By the mid-’60’s, Iturbi’s record company, Turia Records, was operational; José and Amparo were recording in José’s studio. Amparo was planning to record a new rendition of Goyescas, and some contemporary classical as well. But Amparo died in 1969. Close from early childhood, José and Amparo had shared an incredible musical rapport. Amparo’s loss seemed to
be the one from which he never recovered. He resigned from two of his three orchestras within a month.
But he still performed and still drew crowds.
In 1975 José Iturbi turned 80, and celebrated by doing the impossibly difficult. He led his old orchestra, the Rochester Philharmonic, both conducting and soloing, at Lincoln Center’s Avery Fisher Hall in New York. The reviewer said he “breezed through the trickier passages as if he were half his age.”
Audiences still piled in to see him on his 1976-1977 concert tour. In 1979 plans were announced for a special concert in Carnegie Hall to celebrate the 50th anniversary of Iturbi’s debut there. But the concert never took place; Iturbi’s health was failing. In March of 1980 doctors ordered him to take an “extended sabbatical.” In late June Iturbi was admitted to Cedars-Sinai Hospital. He died in the early morning hours of June 28th, 1980, and was buried at Holy Cross Cemetery in Culver City, California, where he had buried his daughter and his sister.
In Valencia, Iturbi is still a favorite son. The street where he was born now carries his name. There is a monument for him and Amparo in the gardens at Valencia’s Music Palace, and the Municipal Conservatory of Music also bears his name. Since 1981 there has been a biennial Iturbi international piano competition held in Valencia. But in the United States, aside from the José Iturbi Foundation, which holds a yearly series of young artist concerts and a musical competition in his memory, Iturbi has been largely forgotten.
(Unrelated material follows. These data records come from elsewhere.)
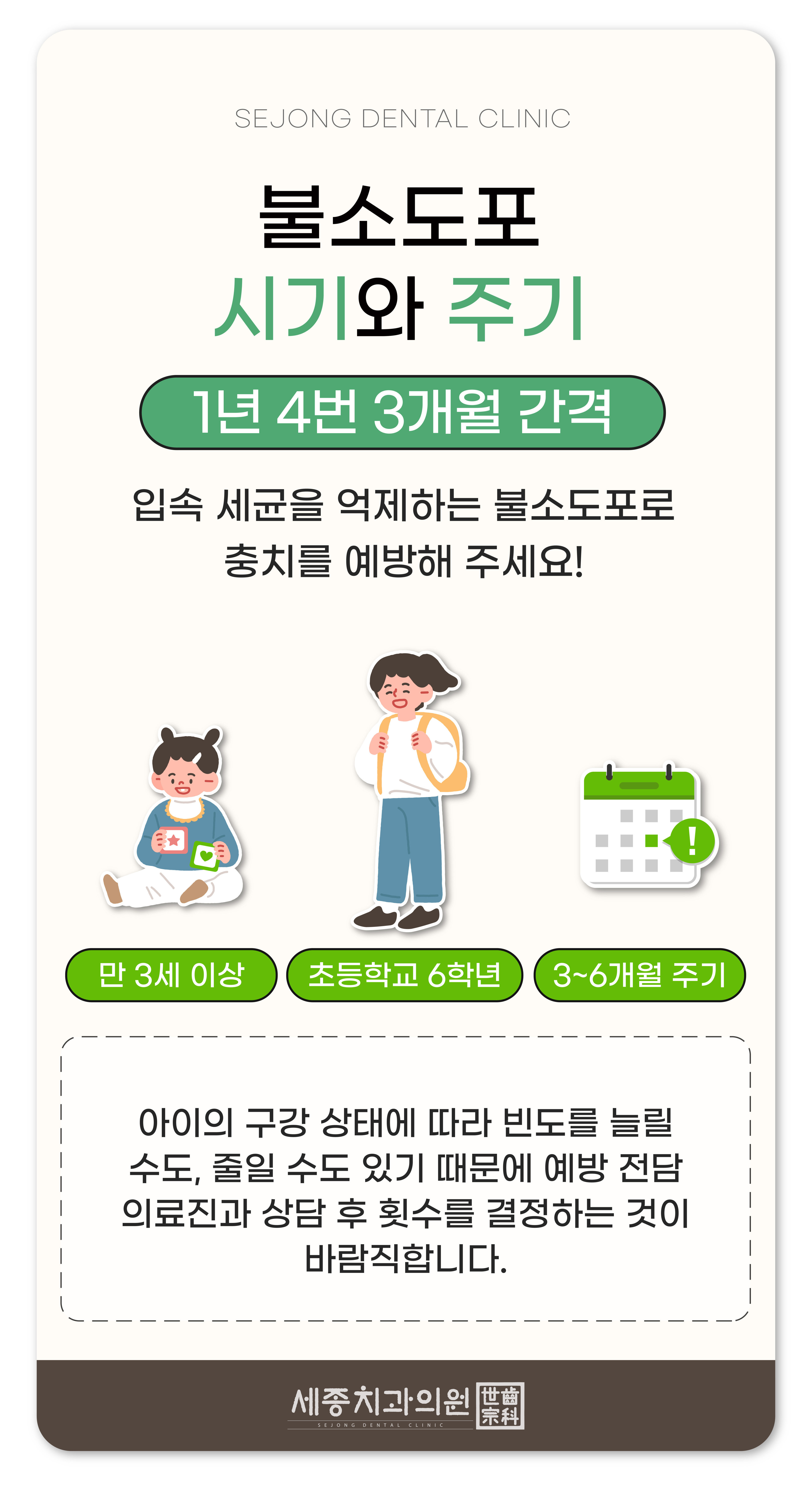 세종치과도 우리 아이들의 평생의 구강 건강을 위해 함께하겠습니다.
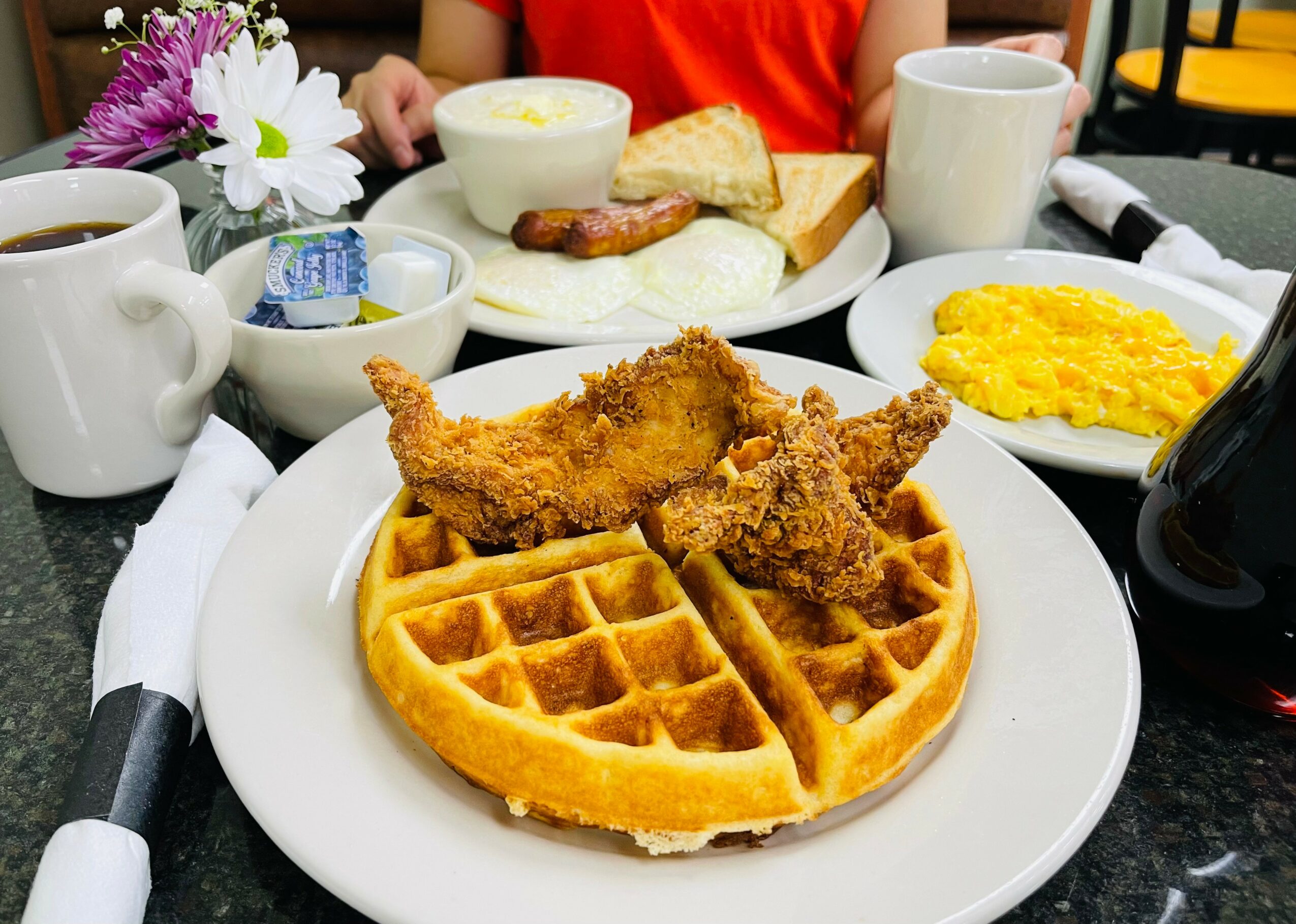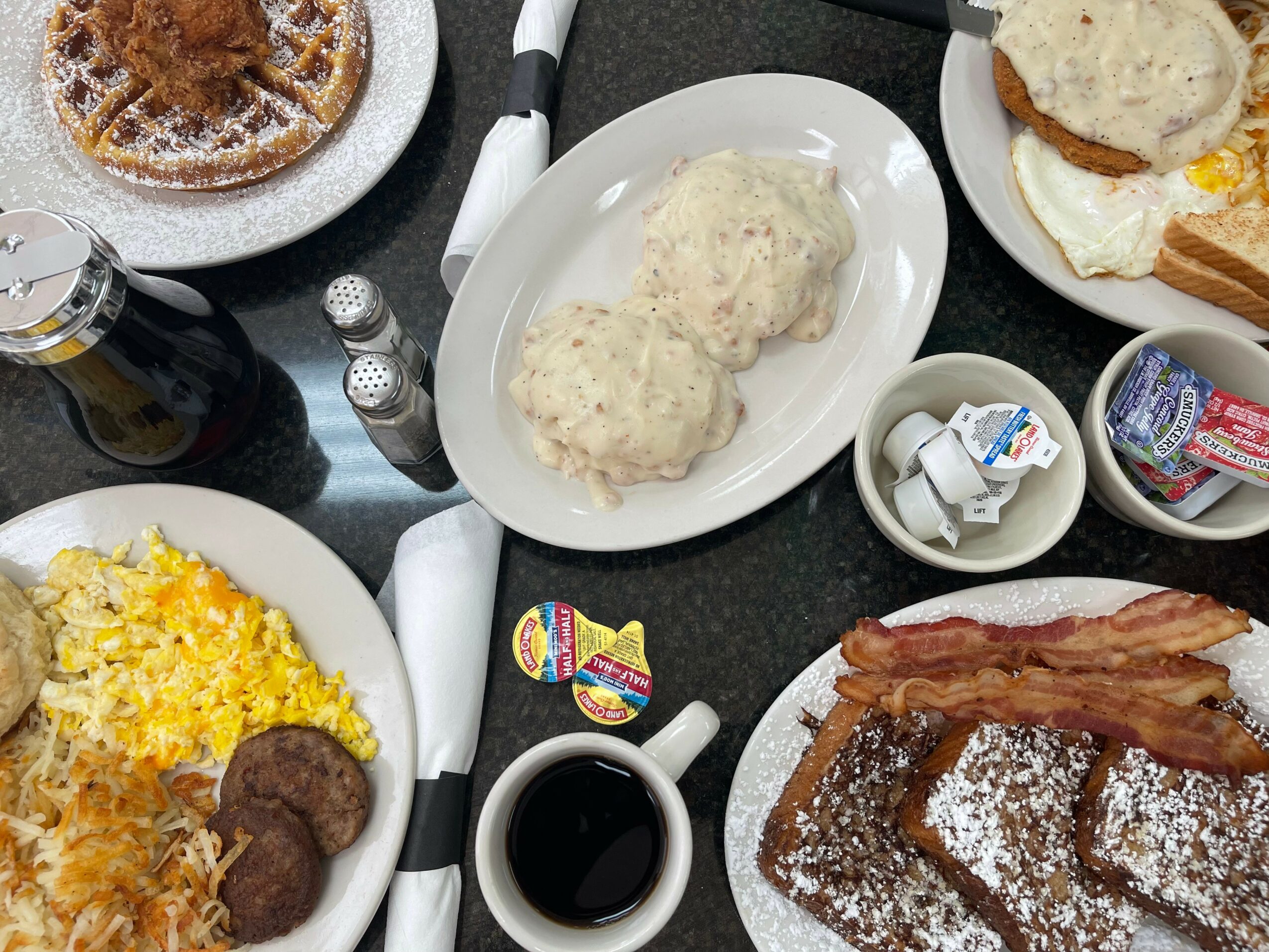 Our breakfast and lunch restaurant serves up classic comfort with a hometown feel. We specialize in all-American breakfast favorites like eggs, crispy bacon, and hearty plates made to start your day right. Alongside the classics, we proudly offer Southern-style breakfast staples, including shrimp and grits, fluffy biscuits smothered in rich gravy, and other down-home favorites full of flavor.
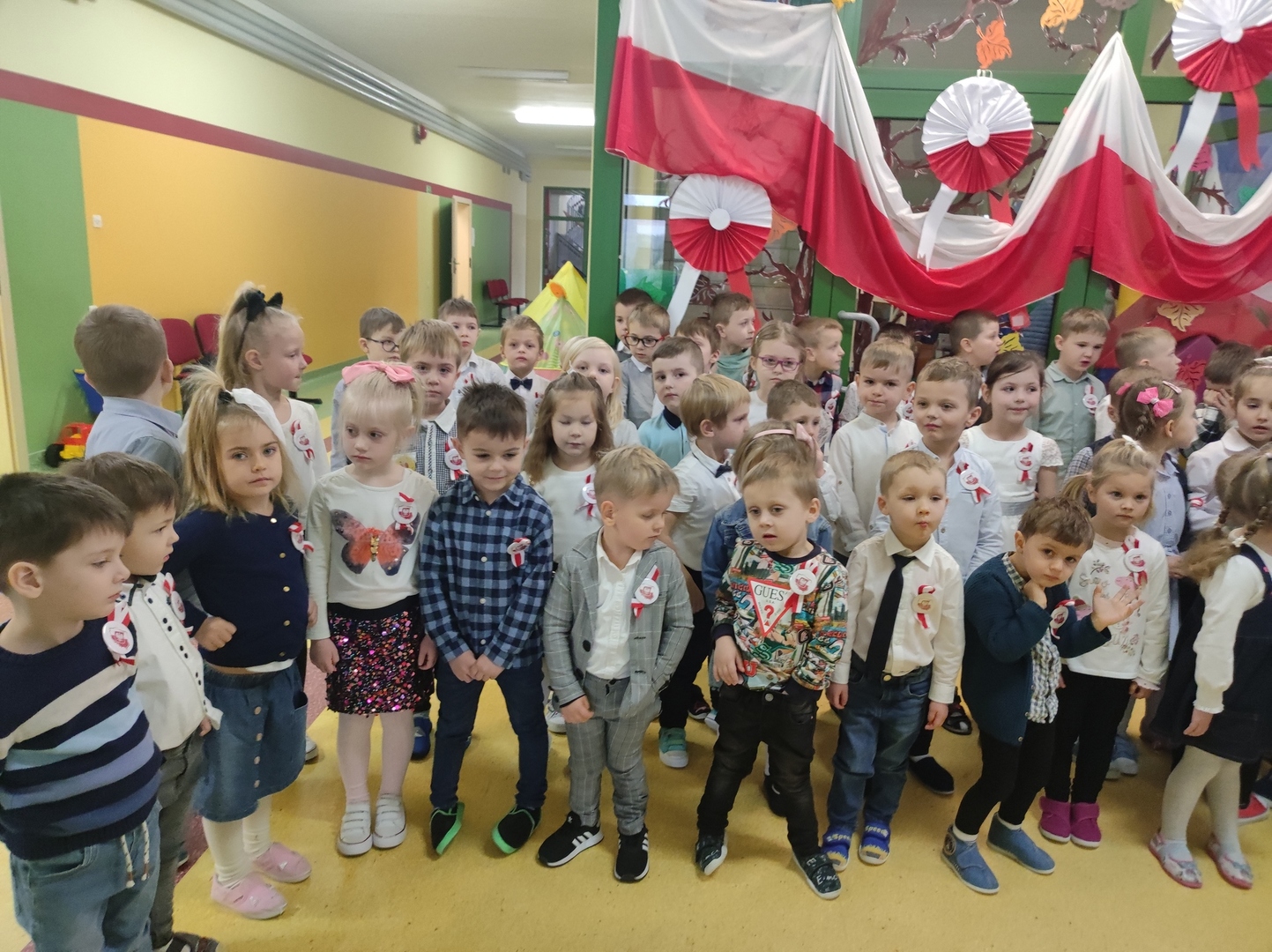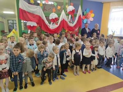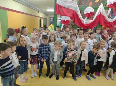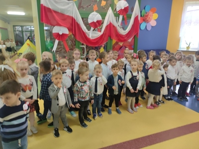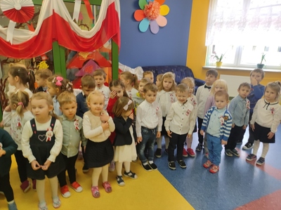 W dniu 10 listopada obchodziliśmy w naszym przedszkolu Święto Niepodległości 🇵🇱 . Z tej okazji wszystkie dzieci przyszły ubrane na galowo i uroczyście świętowały dla Nas - Polaków dzień.
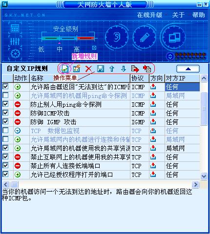 下面是IP规则,一般默认就可以了,其实在未经过修改的自定义IP规则是与默认中级的规则一样的。但如果你想新建新的IP规则也是可以的,因为我们再介绍,这里是默认情况就不多说了。 图二
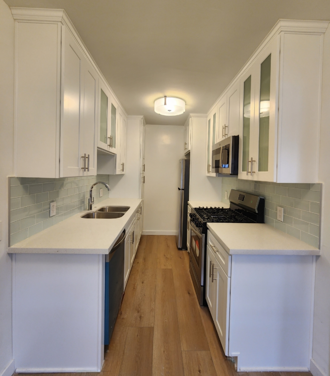 Gorgeous brand new remodel! Spacious bright unit with laminate floors throughout, air conditioning in the living and bedroom. New kitchen cabinets, quartz counter tops, glass back splash, new stainless steel appliances. Two story building. Community laundry room. . Great location near Westfield Century City, Santa Monica and Brentwood.
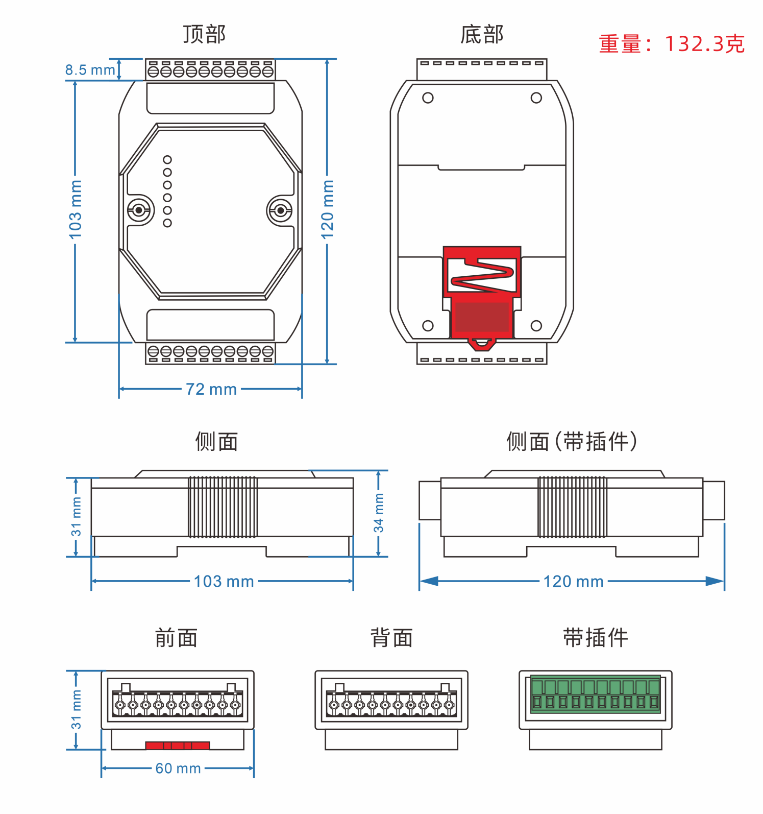 電源輸入DC9-50V ,功耗<1W 過載保護:支持;反接保護:支持; 接入端子:2芯5.08mm間距端子 |

Then, in 1999 Ivory Classics released an Iturbi CD that made Mozart fans take note. And the reviews show that true quality never dies. More recently, a new two-CD set of Iturbi’s playing has been released in France; and in the United States, Video Artists International released a new DVD of his Bell Telephone Hour performances. Perhaps if this trend continues, the world will again have reason to notice José Iturbi, pianist, conductor, composer, movie star…a man of “many fountains” of talent.